*** Begin section ***

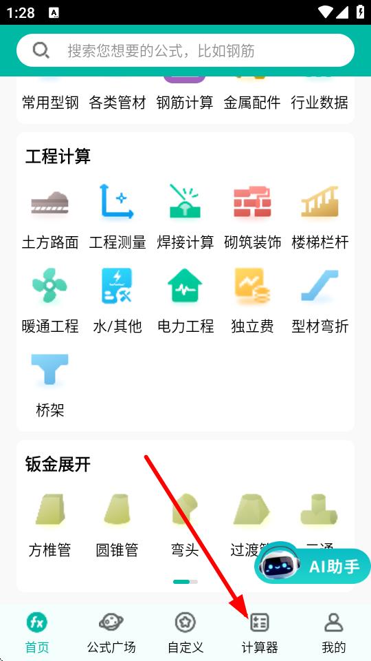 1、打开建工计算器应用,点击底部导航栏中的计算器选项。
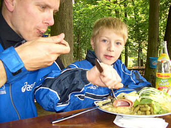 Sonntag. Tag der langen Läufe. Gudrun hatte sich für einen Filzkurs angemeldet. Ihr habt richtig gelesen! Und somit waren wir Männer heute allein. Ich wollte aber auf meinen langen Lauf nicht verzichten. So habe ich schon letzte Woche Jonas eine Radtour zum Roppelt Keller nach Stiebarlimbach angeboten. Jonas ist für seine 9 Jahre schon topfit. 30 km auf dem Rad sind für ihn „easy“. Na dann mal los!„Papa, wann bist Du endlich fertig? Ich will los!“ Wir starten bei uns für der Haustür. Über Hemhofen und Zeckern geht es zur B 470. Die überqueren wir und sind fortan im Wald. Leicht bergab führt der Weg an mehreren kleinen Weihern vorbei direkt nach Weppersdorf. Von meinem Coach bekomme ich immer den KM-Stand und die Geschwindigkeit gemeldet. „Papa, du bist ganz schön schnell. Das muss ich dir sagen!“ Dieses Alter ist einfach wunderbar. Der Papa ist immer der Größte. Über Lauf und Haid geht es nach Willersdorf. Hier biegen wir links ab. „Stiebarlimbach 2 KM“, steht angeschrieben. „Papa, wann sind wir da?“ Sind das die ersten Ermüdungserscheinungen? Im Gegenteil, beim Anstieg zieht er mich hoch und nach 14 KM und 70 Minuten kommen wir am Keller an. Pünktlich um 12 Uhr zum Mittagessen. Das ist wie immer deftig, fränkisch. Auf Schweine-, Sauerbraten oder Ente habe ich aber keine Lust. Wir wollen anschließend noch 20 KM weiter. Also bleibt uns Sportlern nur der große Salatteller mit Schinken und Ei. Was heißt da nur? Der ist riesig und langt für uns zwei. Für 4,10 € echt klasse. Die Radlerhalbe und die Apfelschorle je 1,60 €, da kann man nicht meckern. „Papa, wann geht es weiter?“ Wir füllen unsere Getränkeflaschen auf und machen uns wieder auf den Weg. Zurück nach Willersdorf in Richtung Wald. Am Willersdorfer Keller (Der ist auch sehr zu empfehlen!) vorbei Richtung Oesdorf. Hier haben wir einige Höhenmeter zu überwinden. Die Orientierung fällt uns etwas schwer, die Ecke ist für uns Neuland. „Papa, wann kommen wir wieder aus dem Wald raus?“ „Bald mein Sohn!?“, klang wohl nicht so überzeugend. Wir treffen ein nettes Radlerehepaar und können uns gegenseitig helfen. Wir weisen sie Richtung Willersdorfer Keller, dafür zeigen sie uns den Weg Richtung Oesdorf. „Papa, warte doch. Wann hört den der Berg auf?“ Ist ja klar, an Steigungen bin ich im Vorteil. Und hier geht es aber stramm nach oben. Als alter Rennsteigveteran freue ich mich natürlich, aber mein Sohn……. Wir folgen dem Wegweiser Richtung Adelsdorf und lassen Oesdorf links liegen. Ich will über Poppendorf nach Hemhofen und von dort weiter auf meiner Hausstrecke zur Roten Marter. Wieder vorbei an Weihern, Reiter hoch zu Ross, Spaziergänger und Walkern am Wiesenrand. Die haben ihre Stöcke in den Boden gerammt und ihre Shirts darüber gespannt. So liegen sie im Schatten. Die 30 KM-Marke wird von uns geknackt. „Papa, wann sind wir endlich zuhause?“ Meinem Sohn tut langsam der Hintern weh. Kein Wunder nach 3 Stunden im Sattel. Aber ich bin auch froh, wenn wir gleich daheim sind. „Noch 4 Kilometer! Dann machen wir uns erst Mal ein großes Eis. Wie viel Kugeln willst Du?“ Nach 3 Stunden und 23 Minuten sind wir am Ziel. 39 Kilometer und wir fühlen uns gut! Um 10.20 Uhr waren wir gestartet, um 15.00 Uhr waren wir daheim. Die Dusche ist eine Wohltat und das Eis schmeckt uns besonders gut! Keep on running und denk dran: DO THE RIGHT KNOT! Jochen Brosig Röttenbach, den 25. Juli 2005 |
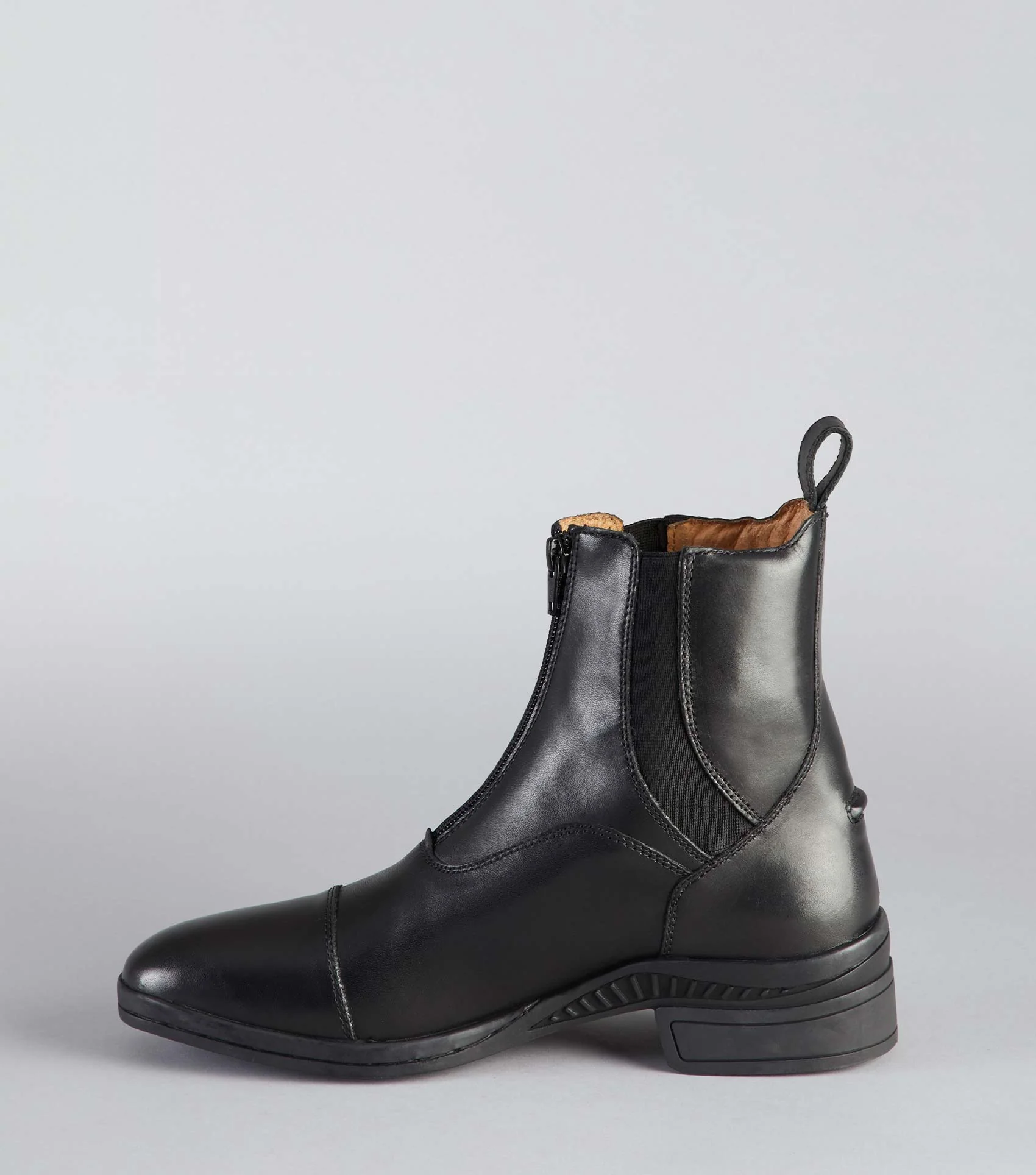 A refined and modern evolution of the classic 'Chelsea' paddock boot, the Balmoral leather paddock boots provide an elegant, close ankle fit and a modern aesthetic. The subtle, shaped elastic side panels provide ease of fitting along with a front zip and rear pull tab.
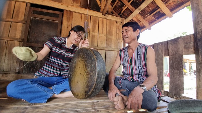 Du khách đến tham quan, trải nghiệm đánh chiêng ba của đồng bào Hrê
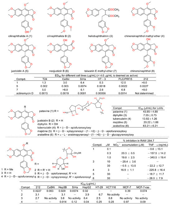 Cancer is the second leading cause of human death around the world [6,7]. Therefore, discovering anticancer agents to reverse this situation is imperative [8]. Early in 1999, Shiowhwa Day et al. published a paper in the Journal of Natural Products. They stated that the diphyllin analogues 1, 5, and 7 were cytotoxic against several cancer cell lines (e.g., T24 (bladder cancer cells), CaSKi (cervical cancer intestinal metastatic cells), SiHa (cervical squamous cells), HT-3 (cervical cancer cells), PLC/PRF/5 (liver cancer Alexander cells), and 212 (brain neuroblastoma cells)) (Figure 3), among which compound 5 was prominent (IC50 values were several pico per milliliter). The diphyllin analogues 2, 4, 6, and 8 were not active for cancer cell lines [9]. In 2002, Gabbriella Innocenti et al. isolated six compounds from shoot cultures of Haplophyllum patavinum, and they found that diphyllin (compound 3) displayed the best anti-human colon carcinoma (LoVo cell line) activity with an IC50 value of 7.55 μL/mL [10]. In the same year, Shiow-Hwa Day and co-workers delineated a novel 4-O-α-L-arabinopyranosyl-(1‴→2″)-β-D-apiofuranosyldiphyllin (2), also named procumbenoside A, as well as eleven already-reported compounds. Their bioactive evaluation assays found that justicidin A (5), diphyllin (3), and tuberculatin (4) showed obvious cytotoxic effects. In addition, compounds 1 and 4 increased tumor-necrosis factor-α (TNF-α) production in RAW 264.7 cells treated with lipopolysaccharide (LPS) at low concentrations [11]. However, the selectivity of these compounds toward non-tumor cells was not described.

*** End section ***

#### [WHAT THE TASK REQUIRES]
Restate all the material verbatim; omit every picture.

#### [OUTPUT OF THE EXERCISE]
 1、打开建工计算器应用,点击底部导航栏中的计算器选项。
 Sonntag. Tag der langen Läufe. Gudrun hatte sich für einen Filzkurs angemeldet. Ihr habt richtig gelesen! Und somit waren wir Männer heute allein. Ich wollte aber auf meinen langen Lauf nicht verzichten. So habe ich schon letzte Woche Jonas eine Radtour zum Roppelt Keller nach Stiebarlimbach angeboten. Jonas ist für seine 9 Jahre schon topfit. 30 km auf dem Rad sind für ihn „easy“. Na dann mal los!„Papa, wann bist Du endlich fertig? Ich will los!“ Wir starten bei uns für der Haustür. Über Hemhofen und Zeckern geht es zur B 470. Die überqueren wir und sind fortan im Wald. Leicht bergab führt der Weg an mehreren kleinen Weihern vorbei direkt nach Weppersdorf. Von meinem Coach bekomme ich immer den KM-Stand und die Geschwindigkeit gemeldet. „Papa, du bist ganz schön schnell. Das muss ich dir sagen!“ Dieses Alter ist einfach wunderbar. Der Papa ist immer der Größte. Über Lauf und Haid geht es nach Willersdorf. Hier biegen wir links ab. „Stiebarlimbach 2 KM“, steht angeschrieben. „Papa, wann sind wir da?“ Sind das die ersten Ermüdungserscheinungen? Im Gegenteil, beim Anstieg zieht er mich hoch und nach 14 KM und 70 Minuten kommen wir am Keller an. Pünktlich um 12 Uhr zum Mittagessen. Das ist wie immer deftig, fränkisch. Auf Schweine-, Sauerbraten oder Ente habe ich aber keine Lust. Wir wollen anschließend noch 20 KM weiter. Also bleibt uns Sportlern nur der große Salatteller mit Schinken und Ei. Was heißt da nur? Der ist riesig und langt für uns zwei. Für 4,10 € echt klasse. Die Radlerhalbe und die Apfelschorle je 1,60 €, da kann man nicht meckern. „Papa, wann geht es weiter?“ Wir füllen unsere Getränkeflaschen auf und machen uns wieder auf den Weg. Zurück nach Willersdorf in Richtung Wald. Am Willersdorfer Keller (Der ist auch sehr zu empfehlen!) vorbei Richtung Oesdorf. Hier haben wir einige Höhenmeter zu überwinden. Die Orientierung fällt uns etwas schwer, die Ecke ist für uns Neuland. „Papa, wann kommen wir wieder aus dem Wald raus?“ „Bald mein Sohn!?“, klang wohl nicht so überzeugend. Wir treffen ein nettes Radlerehepaar und können uns gegenseitig helfen. Wir weisen sie Richtung Willersdorfer Keller, dafür zeigen sie uns den Weg Richtung Oesdorf. „Papa, warte doch. Wann hört den der Berg auf?“ Ist ja klar, an Steigungen bin ich im Vorteil. Und hier geht es aber stramm nach oben. Als alter Rennsteigveteran freue ich mich natürlich, aber mein Sohn……. Wir folgen dem Wegweiser Richtung Adelsdorf und lassen Oesdorf links liegen. Ich will über Poppendorf nach Hemhofen und von dort weiter auf meiner Hausstrecke zur Roten Marter. Wieder vorbei an Weihern, Reiter hoch zu Ross, Spaziergänger und Walkern am Wiesenrand. Die haben ihre Stöcke in den Boden gerammt und ihre Shirts darüber gespannt. So liegen sie im Schatten. Die 30 KM-Marke wird von uns geknackt. „Papa, wann sind wir endlich zuhause?“ Meinem Sohn tut langsam der Hintern weh. Kein Wunder nach 3 Stunden im Sattel. Aber ich bin auch froh, wenn wir gleich daheim sind. „Noch 4 Kilometer! Dann machen wir uns erst Mal ein großes Eis. Wie viel Kugeln willst Du?“ Nach 3 Stunden und 23 Minuten sind wir am Ziel. 39 Kilometer und wir fühlen uns gut! Um 10.20 Uhr waren wir gestartet, um 15.00 Uhr waren wir daheim. Die Dusche ist eine Wohltat und das Eis schmeckt uns besonders gut! Keep on running und denk dran: DO THE RIGHT KNOT! Jochen Brosig Röttenbach, den 25. Juli 2005 |
 A refined and modern evolution of the classic 'Chelsea' paddock boot, the Balmoral leather paddock boots provide an elegant, close ankle fit and a modern aesthetic. The subtle, shaped elastic side panels provide ease of fitting along with a front zip and rear pull tab.
 Du khách đến tham quan, trải nghiệm đánh chiêng ba của đồng bào Hrê
 Cancer is the second leading cause of human death around the world [6,7]. Therefore, discovering anticancer agents to reverse this situation is imperative [8]. Early in 1999, Shiowhwa Day et al. published a paper in the Journal of Natural Products. They stated that the diphyllin analogues 1, 5, and 7 were cytotoxic against several cancer cell lines (e.g., T24 (bladder cancer cells), CaSKi (cervical cancer intestinal metastatic cells), SiHa (cervical squamous cells), HT-3 (cervical cancer cells), PLC/PRF/5 (liver cancer Alexander cells), and 212 (brain neuroblastoma cells)) (Figure 3), among which compound 5 was prominent (IC50 values were several pico per milliliter). The diphyllin analogues 2, 4, 6, and 8 were not active for cancer cell lines [9]. In 2002, Gabbriella Innocenti et al. isolated six compounds from shoot cultures of Haplophyllum patavinum, and they found that diphyllin (compound 3) displayed the best anti-human colon carcinoma (LoVo cell line) activity with an IC50 value of 7.55 μL/mL [10]. In the same year, Shiow-Hwa Day and co-workers delineated a novel 4-O-α-L-arabinopyranosyl-(1‴→2″)-β-D-apiofuranosyldiphyllin (2), also named procumbenoside A, as well as eleven already-reported compounds. Their bioactive evaluation assays found that justicidin A (5), diphyllin (3), and tuberculatin (4) showed obvious cytotoxic effects. In addition, compounds 1 and 4 increased tumor-necrosis factor-α (TNF-α) production in RAW 264.7 cells treated with lipopolysaccharide (LPS) at low concentrations [11]. However, the selectivity of these compounds toward non-tumor cells was not described.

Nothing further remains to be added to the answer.